Cuando mi hermana encontró un libro de cuentos de nuestra infancia, mi mamá, que ahora tiene más de 70 años, estaba gozosa. Recordó todos los detalles divertidos de un oso que robaba miel y lo perseguía un enjambre de abejas enojadas. También la risa de mi hermana y mía cuando anticipábamos la huida del oso. «Gracias por contarnos cuentos cuando éramos niñas», le dije a mi mamá. Ella conoce toda mi historia, incluso cómo era de niña. Ahora, que soy adulta, sigue conociéndome y entendiéndome.

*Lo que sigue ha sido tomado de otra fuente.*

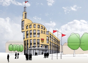 voorontwerp, schets gemeentehuis beverwijk: ![]() |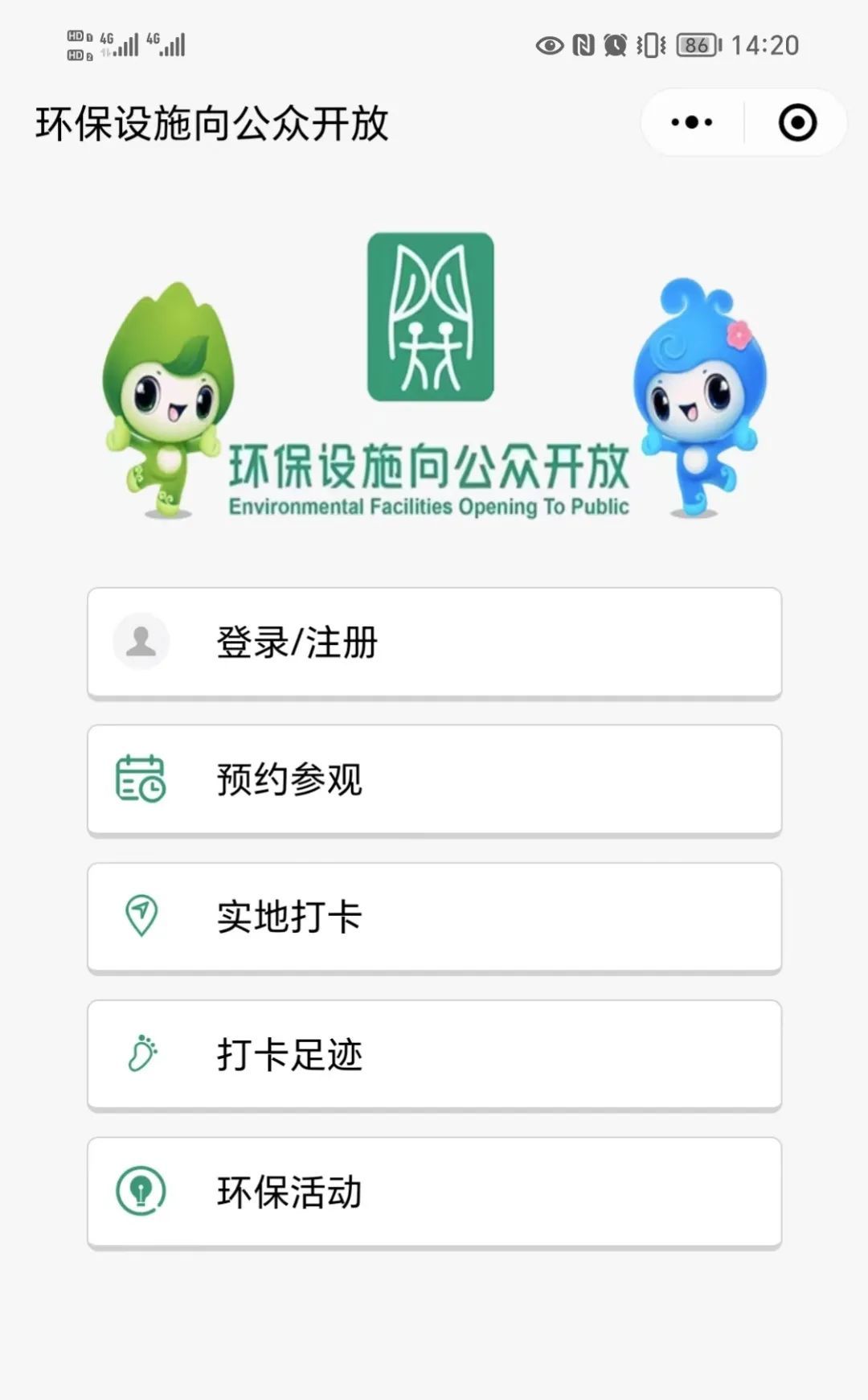 公众可在微信中搜索“环保设施向公众开放”小程序(或识别下方小程序码),注册后进行线上预约。

Dios también nos conoce; más profundamente que cualquier otra persona, incluidos nosotros mismos. David dice que Él nos escudriña (Salmo 139:1). En su amor, nos examina y nos entiende a la perfección. Conoce nuestros pensamientos, entiende nuestras motivaciones y el significado de lo que decimos (vv. 2, 4). Está íntimamente familiarizado con cada detalle que nos hace lo que somos, y usa este conocimiento para ayudarnos (vv. 2-5). Y este conocimiento no hace que se aleje disgustado, sino que nos extienda su amor y sabiduría.
Cuando nos sintamos solos, ignorados u olvidados, podemos estar seguros de que Dios está siempre con nosotros, que nos ve y nos conoce (vv. 7-10). Como David, podemos decir con confianza: «tú me has […] conocido. […] me guiará tu mano, y me asirá tu diestra» (vv. 1, 10).